Todavia, o próprio Ato Institucional cuidou da matéria, tendo em vista a orientação jurisprudencial existente, e evitou os desgastantes debates. Assim, ao alterar o artigo 105, da Constituição Federal de 1946, conferiu-lhe a seguinte redação:

§ 3º - Aos Juízes Federais compete processar e julgar em primeira instância.
a) as causas em que a União ou entidade autárquica federal for interessada como autora, ré, assistente ou opoente, exceto as de falência e acidentes de trabalho;

Essa redação é outro dos pontos cruciais desse retrospecto constitucional. Como foi visto, inexistia dúvida de que a competência para julgar ações de acidentes do trabalho não era da Justiça do Trabalho, mas sim da ordinária, tendo em vista o disposto no §1o, do artigo 123, da Constituição Federal de 1946, acima transcrito. Somente nessa situação pré-estabelecida pode-se entender a ressalva do legislador de que os juízes federais não seriam competentes para julgar o feito.

Fosse a Justiça do Trabalho a competente, desnecessária seria a ressalva. Isto é, se inexistisse o §1o, do artigo 123, da Constituição Federal, tampouco deveria existir a última expressão da alínea “a”, do §3o, do artigo 105. Isto foi confirmado pelo constituinte de 1967, como será visto a seguir.

Vale notar que não havia a observação, hoje presente, de que os juízes federais não são competentes para julgar as ações sujeitas à Justiça do Trabalho. Assim, mais uma vez prevaleceu a tradição da Justiça Comum que, não é demais falar, ganhou experiência no trato da questão e equipou-se para solucionar devidamente os litígios.

Com a entrada em vigor do Ato Institucional nº 2, há o ponto culminante da clareza da matéria, com a compilação da experiência jurisprudencial gerada desde o primórdio das ações de indenização por acidente do trabalho:

(i) de um lado, há a ressalva de que a competência para julgar as ações por acidente de trabalho é da Justiça Ordinária, no artigo 123, §1o, da Constituição Federal;

(ii) e de outro, esclarece que a Justiça Ordinária é a Estadual, haja vista o disposto no artigo 105, §3o.

d)Constituição de 1967

Ocorre que, do vai-e-vem de emendas ao Projeto da Constituição de 1967, a matéria restou novamente obscura.

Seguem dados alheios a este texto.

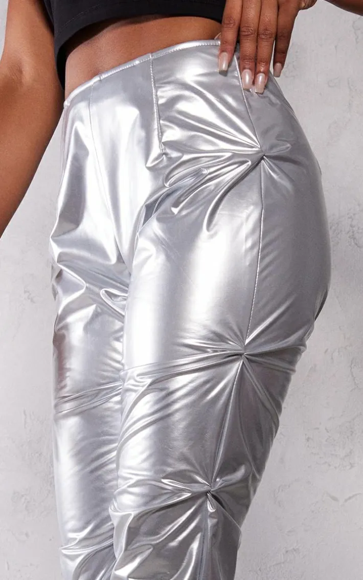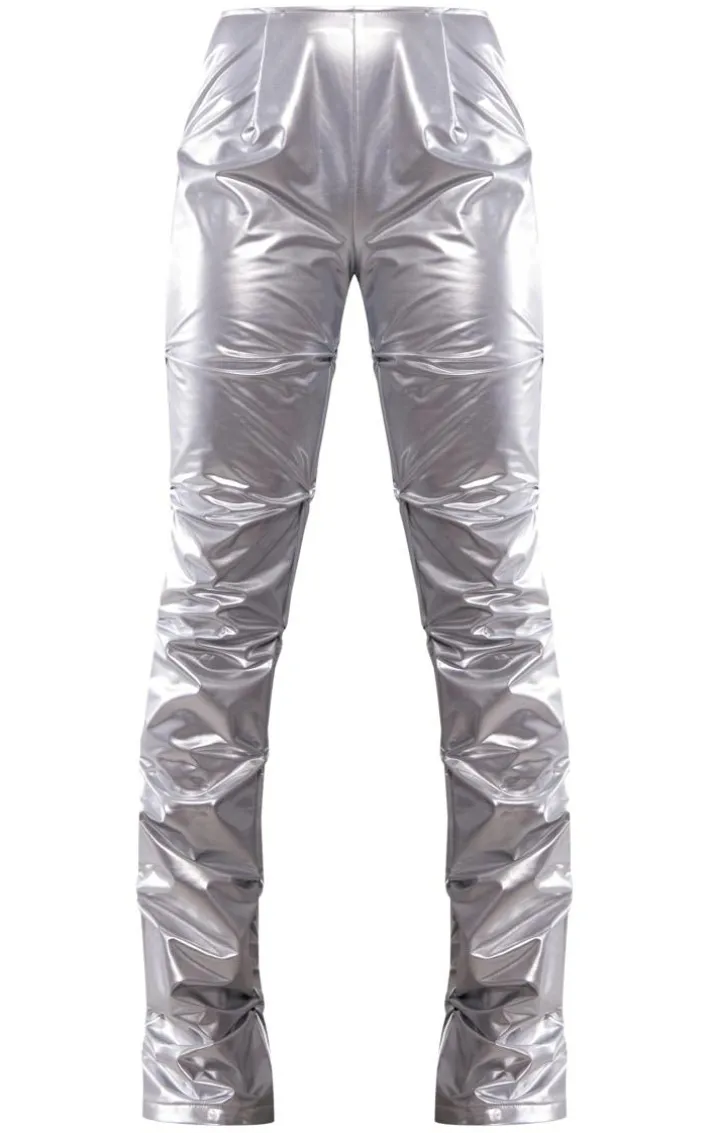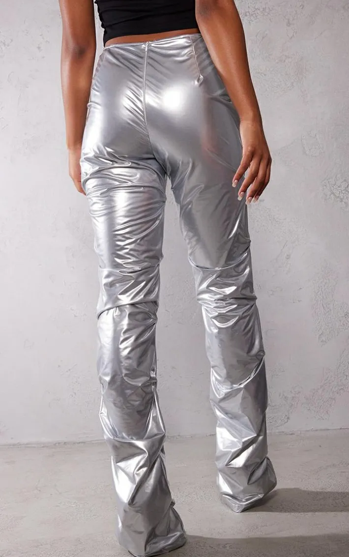 These bottoms are just what you need to take your outfit of the day to a whole new level. Featuring a silver vinyl material with a high waist, ruched detailing and a flared leg, we’re in love. Wear with a black crop top, your trusty high heels and shoulder bag for a look that is sure to turn heads for all the right reasons

Vejamos como estava redigido o projeto inicial:

“Art. 117 – Aos juízes federais compete processar e julgar, em primeira instância:I – as causas em que a União, entidade autárquica ou empresa pública federal for interessada na condição de autora, ré, assistente ou opoente, exceto as de falência e acidentes de trabalho.

”“Art. 132 – Compete à Justiça do Trabalho conciliar e julgar os dissídios individuais e coletivos entre empregados e empregadores e as demais controvérsias oriundas de relação de trabalho regidas por lei especial”

Nota-se que o parágrafo que retirava a competência da Justiça do Trabalho para processar as ações de indenização por acidente de trabalho foi suprimido. A redação original, portanto, restou confusa (tal como na Constituição de 1988). Não estava claro o alcance da expressão “acidente de trabalho”, lançando dúvida se a competência para julgar esse tipo de ação seria da Justiça ordinária ou da Justiça do Trabalho.

Entendendo que tal competência seria conferida à Justiça do Trabalho - seja nos feitos em que a União era interessada como autora, ré, assistente ou opoente, seja nos que não houvesse interesse da União - pela nova Constituição, o Senador Melo Braga submeteu à votação a Emenda nº 383, que sugeria substituir, na redação do artigo 117, as expressões finais “exceto as de falência e acidentes de trabalho” por “exceto as de falência e as sujeitas às justiças Eleitoral, Militar, ou do Trabalho, que a lei regulará”, sob a justificativa de que a exclusão da referência aos acidentes de trabalho decorreria do fato de passarem essas questões para a competência da Justiça do Trabalho.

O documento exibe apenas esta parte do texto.